** Opening Raw data block **

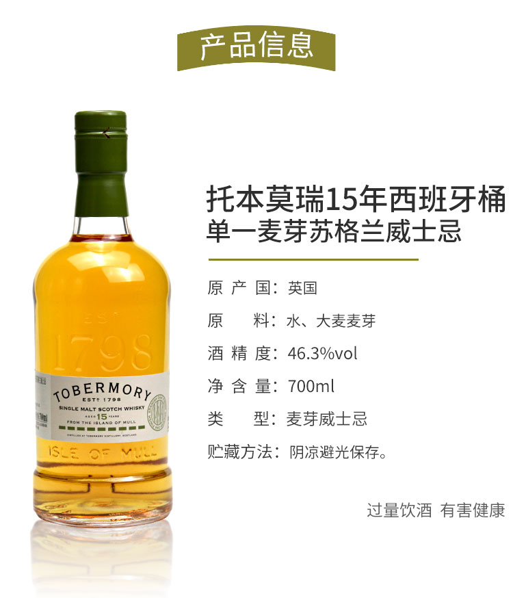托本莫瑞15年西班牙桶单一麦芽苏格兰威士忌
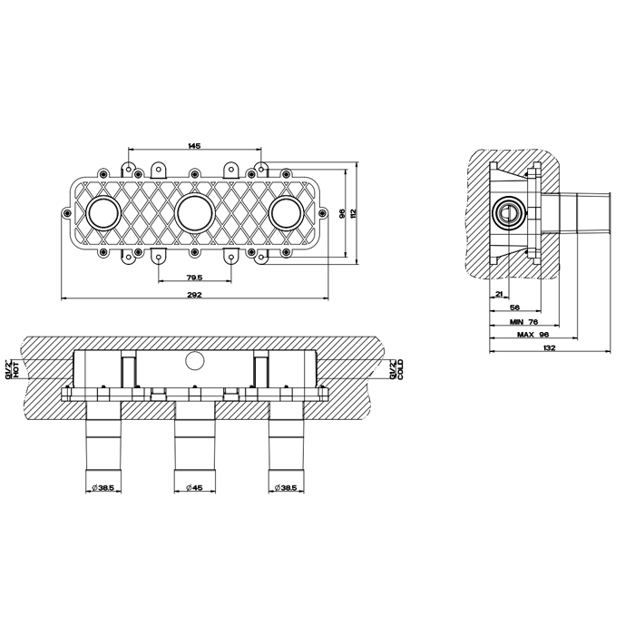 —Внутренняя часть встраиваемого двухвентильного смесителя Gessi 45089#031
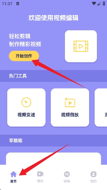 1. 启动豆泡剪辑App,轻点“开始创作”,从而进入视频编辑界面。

** Closing Raw data block **

Leave the pictures out and set down the rest of the listing above exactly.

● Response below
托本莫瑞15年西班牙桶单一麦芽苏格兰威士忌
 —Внутренняя часть встраиваемого двухвентильного смесителя Gessi 45089#031
 1. 启动豆泡剪辑App,轻点“开始创作”,从而进入视频编辑界面。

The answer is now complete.